Multiculturalism and Ghetto Mentality

by Audrey Nolin-Sotiriadis

Recent events have led me to wonder whether we are more tribal than we are ready to admit and whether Canadian multiculturalism has to be re-defined.
Last week, Montreal newspapers reported on a police operation instigated by reports of potential violence between “old-stock” Quebecois students and students of Arab descent in a Laval high school. The riot squad intervened and considerable protests brokeout at the school.
A few months ago, I witnessed a grotesque scene of violence behind the Villa-Maria metro station. A teenage girl of Arabic origin was beaten up by a teenage girl of African origin. There were racial overtones because a mob of black and Arab kids were encouraging their “ethnic sisters” in the battle. The crowd went so far as to kick and spit on the girl who was losing the fight. A policeman, whom I spoke to, confirmed that there was definitely a racial basis for this eruption of violence.

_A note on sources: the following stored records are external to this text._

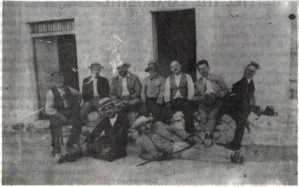
Κρεμασιῶτικη παρέα τοῦ 1942.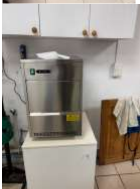
Acquisition d'une machine à Glaçons Prix : 525€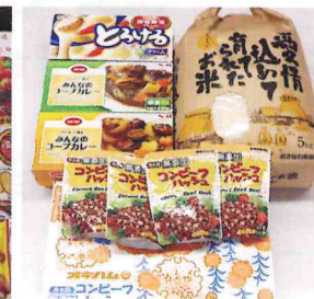
匿名 様 浦添市在住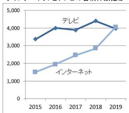
◇インターネットとテレビの苦情件数推移

見解についても、対象媒体 1 位が「インターネット」という状況が続いており、2019 年度は見解 34 件中 28 件と 8 割にも上った。そのうち、悪質なアフィリエイトプログラム(広告主の依頼を受けてアフィリエイターや広告会社等が制作・運用する成果報酬型の広告)が関わった事例は 18 件あり、①広告(ニュースサイトや SNS のインフィード広告が多い)、②アフィリエイトサイト、③広告主の自社通販サイトの順でリンクしたものが目立った。また、アフィリエイトサイトには ASP のほか、ウェブサイト制作会社、広告会社などが関わるものもあり、警告を発信した何件かは、広告会社等が共通しているものも見られた。インターネット上の悪質な表示は数も多く、他団体や会員企業などとも協力して取り組みを進めたいと考えている。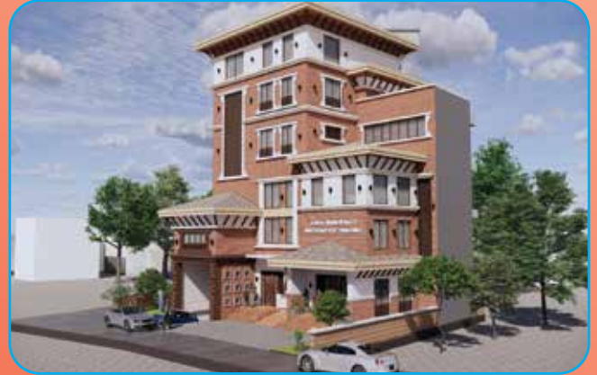
बडा नं. ८ के प्रस्तावित बहुउद्देश्यीय भवन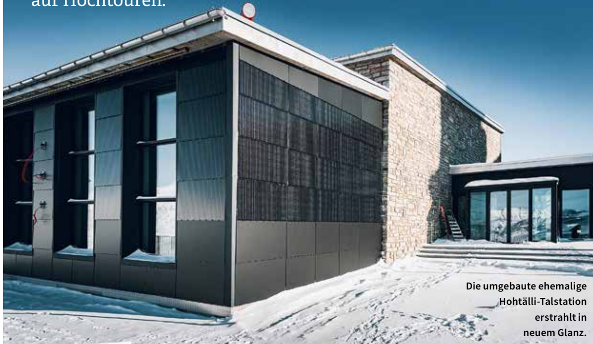
Die umgebaute ehemalige Hohtälli-Talstation erstrahlt in neuem Glanz.

Auf dem Gornergrat entsteht eine multimediale Erlebniswelt rund um das Matterhorn. Im Juni 2021 sollen die ersten Gäste in allen Dimensionen in die naturnahe Inszenierung eintauchen können. Realisiert wird die Ausstellung in der Station der ehemaligen Luftseilbahn «Hohtälli», die Bauarbeiten laufen auf Hochtouren.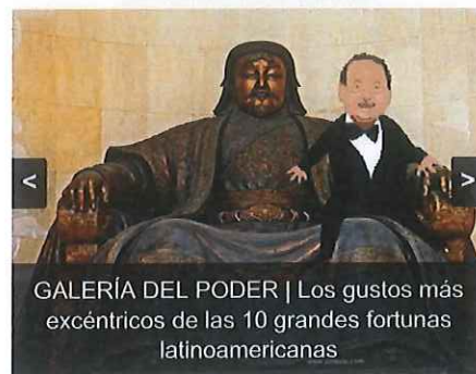
GALERÍA DEL PODER | Los gustos más excéntricos de las 10 grandes fortunas latinoamericanas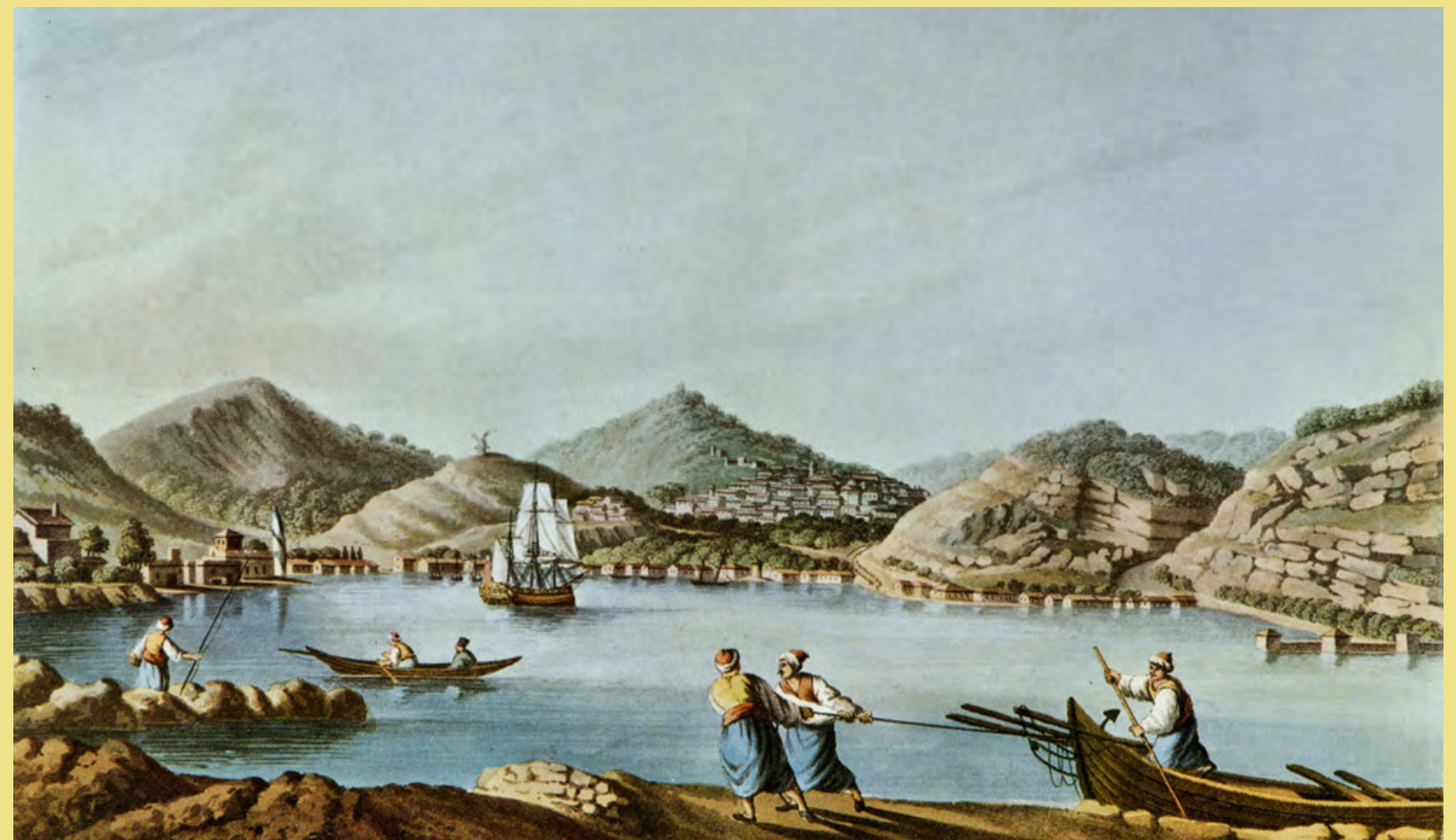
Luigi Mayer, Το λιμάνι και η Χώρα Βαθέος της Σάμου στα τέλη του 18ου αιώνα, υδατογραφία σε σχέδιο Robert Ainslie

από: Luigi Mayer, Views in the Ottoman Dominions in Europe, in Asia and some of the Mediterranean islands , Λονδίνο 1810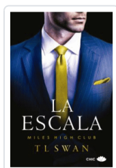
ESCALA, LA SWAN, T L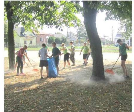
fot. uczniowie przy pracy...

ra akcji panią E. Polak i zatwierdzony przez panią dyrektor Danutę Dziubicką. Uczniowie klas I -VI pod opieką wychowawców i nauczycieli sprzątnęli teren wokół szkoły i obszar bezpośrednio przylegający do szkoły.** *****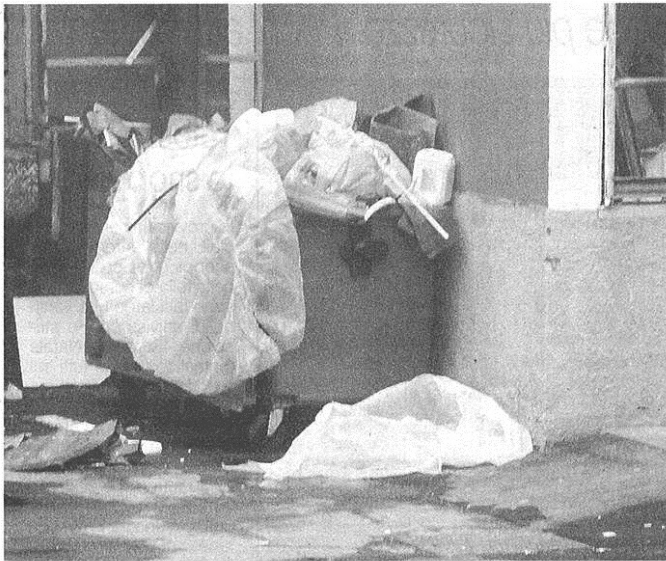
Troppi rifiuti al parcheggio dell'ex Esselunga, grave degrado. Interviene l'amministrazione

CASTELLANZA – Accertamenti e ispezioni per far rispettare la raccolta differenziata ai cinesi del centro commerciale dell'ex Esselunga. Tutto nasce da un'esperienza del sindaco Fabrizio Farisoglio : nel consiglio comunale di venerdì, rispondendo a una richiesta di chiarimenti del consigliere Mino Caputo sul degrado nel parcheggio che guarda sulla Saronnese, ha raccontato che «sono andato a fare acquisti e, quando ho visto l'area di sosta, mi è preso un colpo. C'era chiaramente bisogno di intervenire per insegnare ai cinesi come separare la spazzatura, regolamentare il carico e scarico merci e agire sulla parte retrostante, quella messa decisamente peggio». Insomma, è emerso in modo indiscutibile che non c'era il rispetto delle regole della differenziata, cosicché il primo cittadino ha fatto effettuare un sopralluogo dall'Ufficio Tecnico, affinché svolgesse un'opera di sensibilizzazione e sollecito nel diversificare e depositare i rifiuti in modo ordinato. In effetti Caputo aveva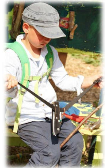
Abbildung 32: co.natur gGmbH Waldkindergarten Heimsheim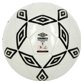
Blanc / Noir H88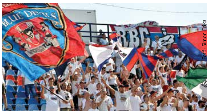
Sóstón idén még nem lesz szükség a klubkártyára, idegenben viszont már kérni fogják a Vidi szurkolóitól is

Az MLSZ szeptember 15-i dátumot jelölt meg határidőként, az élvonalbeli együtteseknek ekkorra kellett volna bevezetniük kötelező jelleggel a klubkártyát. A feltételes mód indokolt, ugyanis több klub kért és kapott halasztást a szövetségtől. A Videoton FC is e klubok sorába tartozik, a fehérváriak mellett a DVSC és az FTC kapott felmentést, legutóbb pedig a DVTK is kérte a kártya bevezetésének elhalasztását. Ezen egyesületek 2014. december 31-ig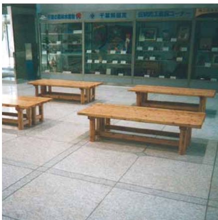
B-3 桧半割丸太ベンチ L1800×H450×W400 桧・ウレタンニス塗布 (千葉県庁・千葉市)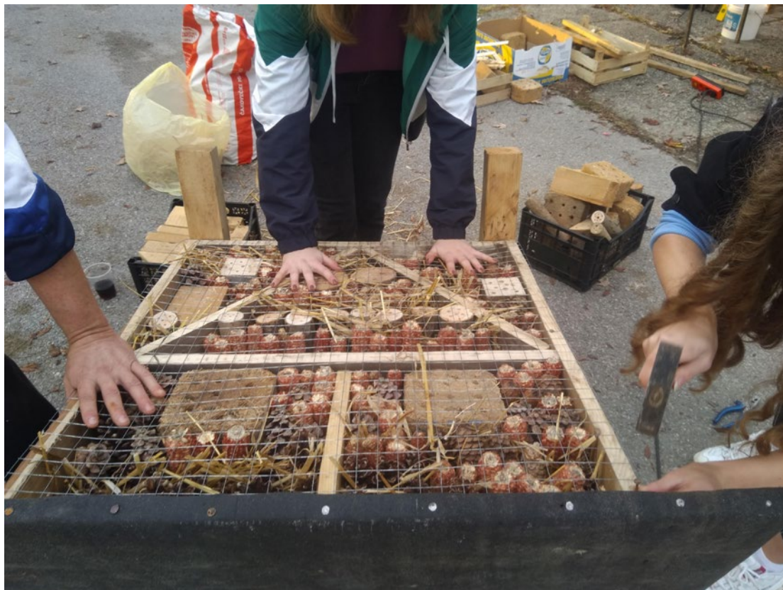
Autor fotografije: PETROŽE-KRUŠLJEVO SELO

Volonteri udruge izrađuju motele za kukce, koji će biti postavljeni kod Područne škole i u centru. Aktivnost izrade motela jedna je od aktivnosti ekološkog osvještavanja zajednice.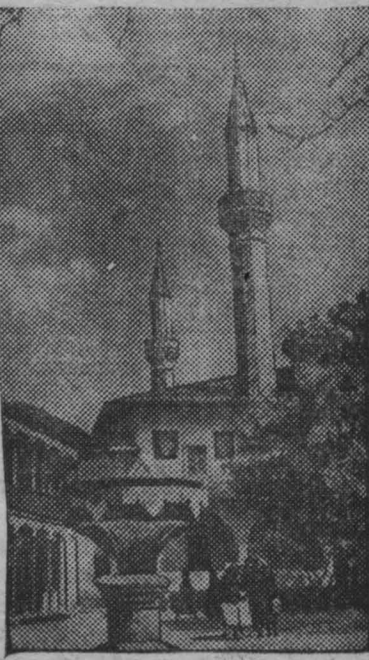
Бахчисарайский дворец-музей. На снимке: угол главного двора. На переднем плане — один из многочисленных фонтанов. Сады соборная мечеть.

Исполком Ленинградского областного совета депутатов трудящихся приступил к благоустройству районов Карельского перешейка, отошедших к Ленинградской области. Приводятся в порядок дачные места и пляжи на берегу Финского залива.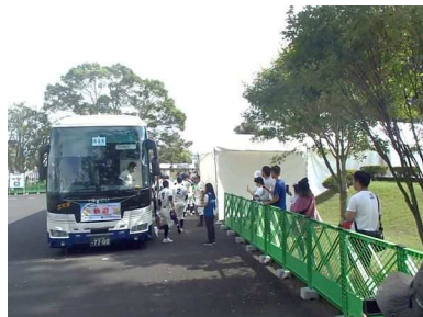
選手・監督の輸送（高校野球）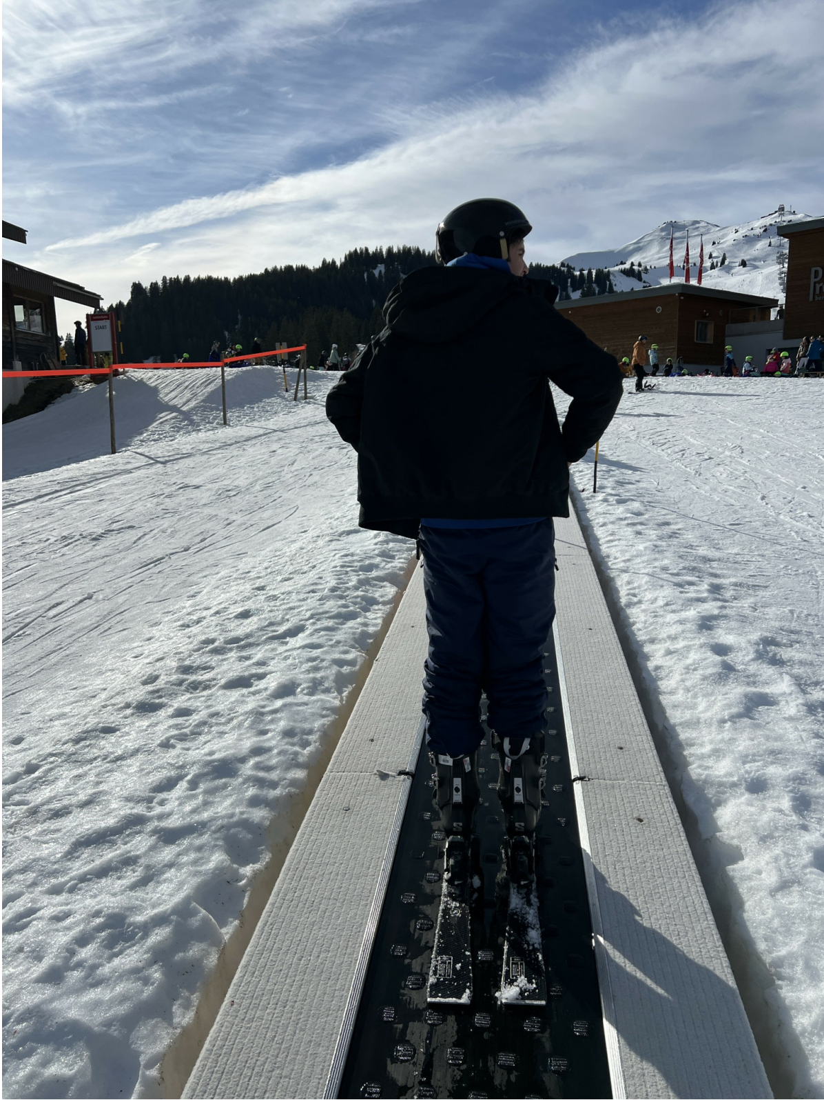
Skilager in den Fiderisen Heubergen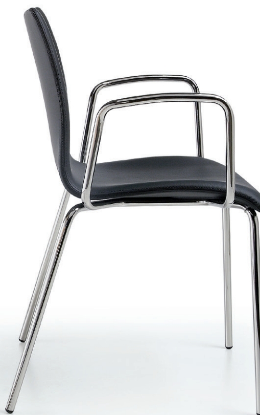
P290 imbottita upholstered

Here at Dawson, we have witnessed some recent debates about the unflattering ethnic designations of our three cafeterias.
I realize it is comfortable for people to socialize with those who are similar to them. However, officially, we live in a so-called “multicultural” society. Canadian multiculturalism is based on encouraging people of different ethnic origins to retain their cultural identity while becoming united as Canadians. We are also taught that we live in a pluralist society. However, sometimes, I can’t help but think that Canadian multiculturalism is a utopia or perhaps, overly ambitious. For example, it is still commonplace for even second and third generation Italian, Greek, and Jewish Canadians to try to marry within their communities. Last September, Toronto’s controversial Afro-centric school opened to black students only.
These are just two examples that show how human beings still migrate to their own groups. Now, I have read that there are some very good reasons for opening an all black school and I realize that if people marry “their own,” it will be easier to maintain the culture of their ancestors. But, when teenagers and young adults are beating each other up, organizing street gangs, or designating CEGEP cafeterias along ethnic lines, I think it’s a reminder that human beings are fundamentally tribal, and to blindly promote an official ideology of multiculturalism is naïve.
I truly believe it is important to allow and even encourage people to maintain the cultural distinctiveness of their ancestors. It creates diversity. However, multiculturalism should not encourage a ghetto mentality, since that is not what diversity is supposed to lead to. It is supposed to result in mutual understanding and tolerance. When you create a ghetto mentality, it increases the potential for intolerance and the type of violence and herd mentality we have witnessed in just a few recent events. Is that the kind of multiculturalism we want? Not me. How about you?